Sur le plan économique, l’enjeu est également crucial. Le logiciel open source démocratise l’innovation en réduisant les barrières à l’entrée : les startups, les universités ou les communautés de développeurs peuvent travailler avec des outils performants sans dépendre de licences coûteuses. En réalité, de nombreuses innovations numériques majeures des dernières décennies sont nées dans des environnements ouverts et collaboratifs. Cependant, dans le modèle actuel, ces innovations sont souvent absorbées par les grandes entreprises, qui les privatisent et les transforment en services payants.
L’exemple même d’internet est révélateur. Conçu comme un réseau décentralisé, son évolution a conduit à une centralisation quasi totale des services : moteurs de recherche dominés par Google, réseaux sociaux contrôlés par Meta, systèmes d’exploitation aux mains d’Apple ou de Microsoft. Le résultat est un paradoxe : l’espace qui est né comme un symbole de liberté est aujourd’hui l’un des plus grands représentants de la concentration du pouvoir.
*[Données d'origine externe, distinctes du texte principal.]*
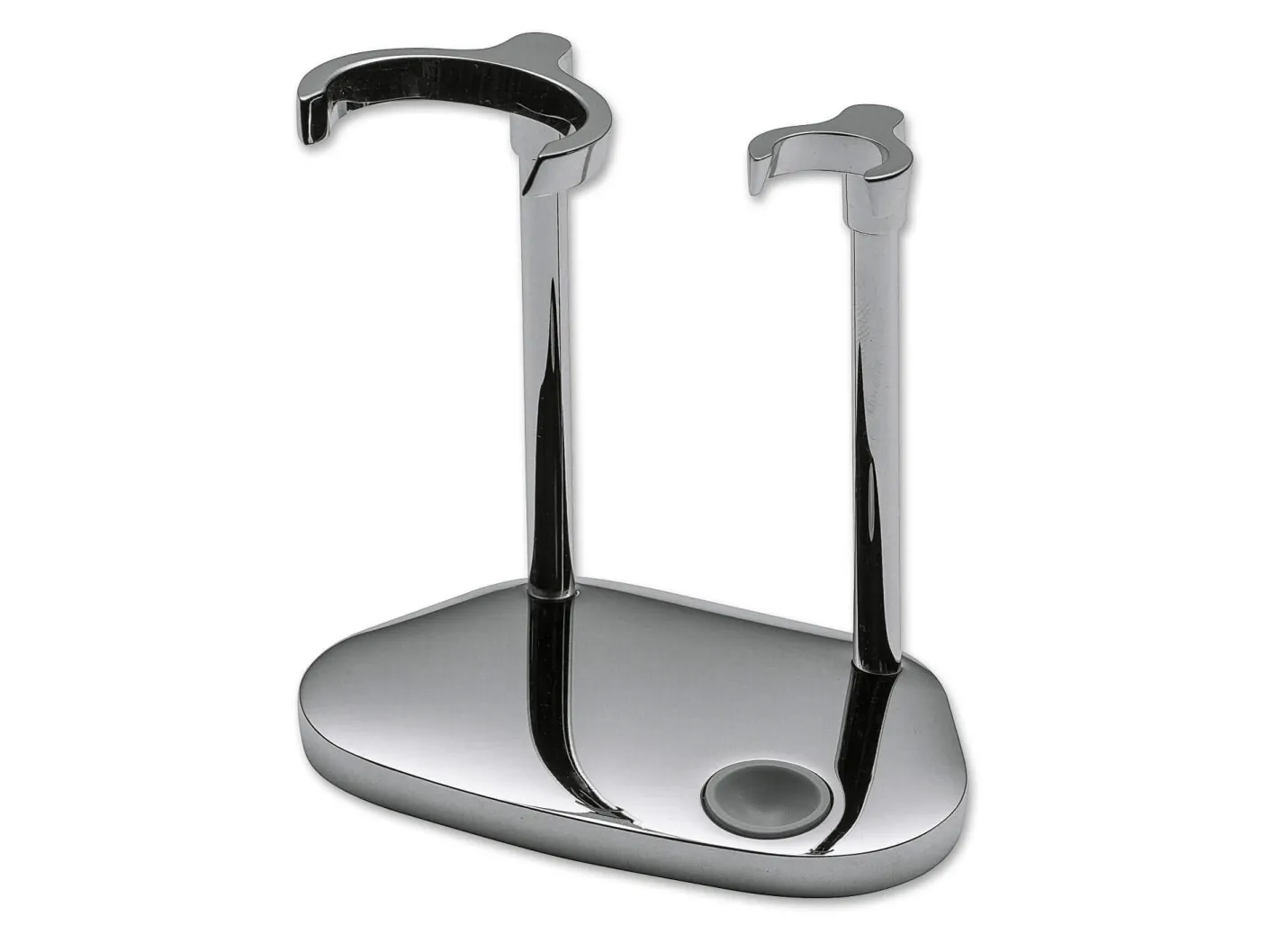 Praktischer Chromständer (9,3 cm Höhe) für ein klassisches Rasiermesser samt Pinsel. Der Durchmesser des Pinselhalters beträgt 3,4 cm.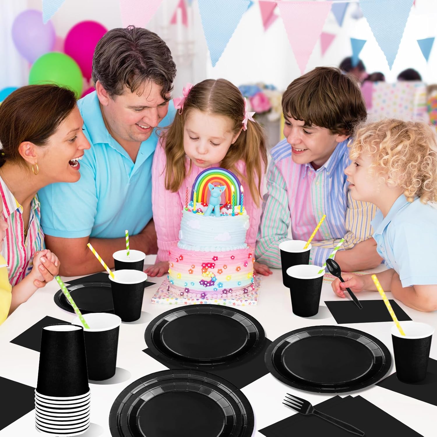 • Black Party Supply Set: The black party supply set with 30 each of 9 inch black paper plate, 7 inch party paper plates, 9 oz paper cups, plastic forks, spoons, knives, and 48 pieces paper napkins, party plates set ensures your table is ready for party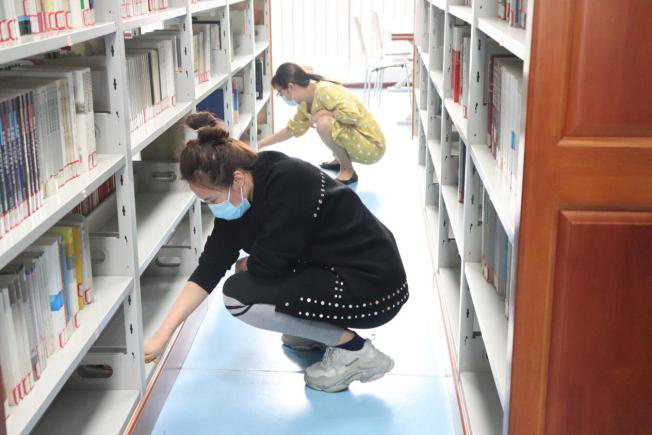 9月15日下午,正值校庆70周年来临之际,为了给读者营造干净卫生的阅读环境,校区图书馆充分发挥党员模范带头作用,采取“党员带非党员”、“老师带学生”的分工合作模式,对二楼各书库的书架进行了彻底地清扫。

Malgré cela, la culture open source n’a pas disparu. Au contraire, elle s’est adaptée aux nouvelles circonstances. Des initiatives comme Mastodon, un réseau social décentralisé basé sur le logiciel libre, ou DeepSeek lui-même, sont des tentatives de redonner à l’utilisateur un rôle qu’il avait perdu. Bien que minoritaires, ces projets témoignent d’une volonté latente de retrouver un internet plus libre, plus participatif et moins dépendant des monopoles.